PUT /users/{username}/password

XML:

<user><password>newPassword</password></user>

JSON:

{password:'newPassword'}

/users/{username}/apikey
- PUT - set the API AuthKey
  - user must be authenticated
  - user can only set their own details, not those of anyone else
  - admin users can set details of any user
  - apikey must be 10 characters minimum
  - payload is a partial user object containing the password
  - payload type must be set in the content-type header or assumes JSON
  - returns 204 No Content if successful

PUT /users/{username}/apikey

XML:

<user><apikey>newApiKeyIsThisYes</apikey></user>

JSON:

{apikey:'newApiKeyIsThisYes'}

/feature-toggles
- GET - return status of all feature toggles
  - user must be authenticated
- POST - amend a list of feature toggles
  - user must be authenticated
  - only user with appropriate permission can set feature toggles

Payload representation

Content-Type
- Use the Content-Type header to specify the format of the payload as either XML or JSON
- A value of application/json means the payload is represented as JSON
- A value of application/xml means the payload is represented as XML
- A 400 error will be returned if the payload can not be converted into the appropriate representation
- If no Content-Type is supplied then the application assumes a JSON representation.
Accept
- Use the Accept header to specify the format of the desired response
- A value of application/json means you want to receive JSON
- A value of application/xml means you want to receive XML

Authentication

Some requests require an authenticated user.
The system accepts Simple Basic Authentication
- an Authentication header with the value Basic followed by the username:password base 64 encoded
The system also accepts a custom header X-API-AUTH with a value of the api key defined for each user. the api key is visible to the user when they make a GET request for their user details

Verbs

The system accepts the X-HTTP-Method-Override header to allow clients that don't support verbs such as PATCH

General

OPTIONS can be used on all endpoints to receive the Allow header with the allowed verbs.
404 is returned if the end point is not recognised
405 is returned if a method which is not mentioned in Allow is used on an an endpoint
500 is returned in the event of an unhandled condition in the server - this should never occur

Known Bugs

The system has been coded with some known bugs - these are all fixed by default.
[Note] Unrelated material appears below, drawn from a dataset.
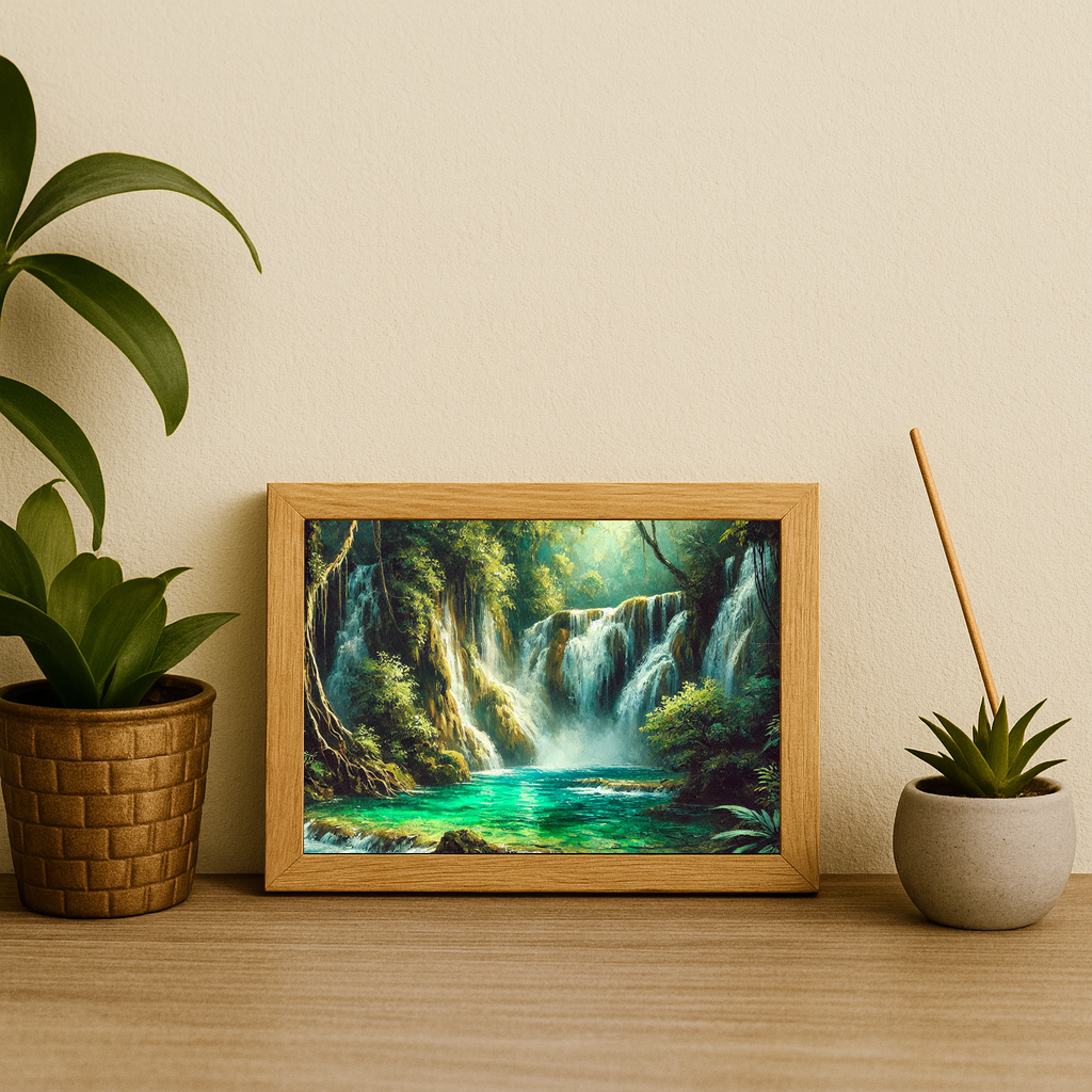 The Deafening Roar of Silence – Majestic Waterfall Painting, Nature Landscape Canvas Wall Art

If you would like to test your testing skills then start with -bugfixes=false to have the known bugs present in the application.

See if you can find them.

java -jar rest-list-system.jar -bugfixes=false

Details

This application has been written by Alan Richardson

Source code is available as part of "The Evil Tester's Compendium of Testing Apps" with source on Github.

Deployed to Heroku at rest-list-system.herokuapp.com/listicator/

Recommended tools for exploratory testing of REST API:

If you are interested in learning how to test APIs then you might find the book by Alan Richardson called "Automating and Testing a REST API" useful.

The book has a support page with many videos and sample code.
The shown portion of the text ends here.